[DATA BLOCK]
****************************************
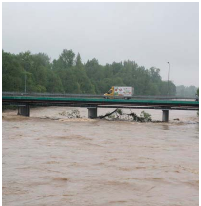
Wezbrana Soła w Kętach w 2014 r.

Próby ujarznienia żywiołu poprzez regulację w górskich biegach rzek doprowadziły do zmiany przebiegu koryt z wielonurtowego lub meandrującego na jednonurtowy, a zawężone i wyprostowane koryta uległy nawet kilkumetrowemu pogłębieniu. Obwałowania i regulacje rzek nie zmniejszyły jednak zagrożenia powodziowego, a jedynie spowodowały szybsze odprowadzanie wody w dół biegu rzeki, przesuwając problem poniżej. Próby ujarznienia rzek górskich są kosztowne, a ich efekty nietrwałe. Rzeki, szukając utraconej równowagi, w trakcie kolejnych wezbrań systematycznie odzyskują wydarte im przez człowieka tereny. Zbiorniki zaporowe na rzekach ulegają zamuleniu, a zabudowa brzegów jest podmywana i niszczone na skutek obniżania się dna.
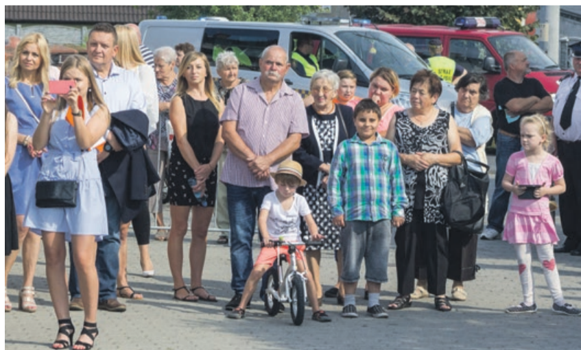
Przebiegowi uroczystości przyglądali się mieszkańcy
****************************************
[EXERCISE OBJECTIVE] Restate the material above word for word; pictures do not belong in the copy.

[EXERCISE RESULT]
Wezbrana Soła w Kętach w 2014 r.

Próby ujarznienia żywiołu poprzez regulację w górskich biegach rzek doprowadziły do zmiany przebiegu koryt z wielonurtowego lub meandrującego na jednonurtowy, a zawężone i wyprostowane koryta uległy nawet kilkumetrowemu pogłębieniu. Obwałowania i regulacje rzek nie zmniejszyły jednak zagrożenia powodziowego, a jedynie spowodowały szybsze odprowadzanie wody w dół biegu rzeki, przesuwając problem poniżej. Próby ujarznienia rzek górskich są kosztowne, a ich efekty nietrwałe. Rzeki, szukając utraconej równowagi, w trakcie kolejnych wezbrań systematycznie odzyskują wydarte im przez człowieka tereny. Zbiorniki zaporowe na rzekach ulegają zamuleniu, a zabudowa brzegów jest podmywana i niszczone na skutek obniżania się dna.
Przebiegowi uroczystości przyglądali się mieszkańcy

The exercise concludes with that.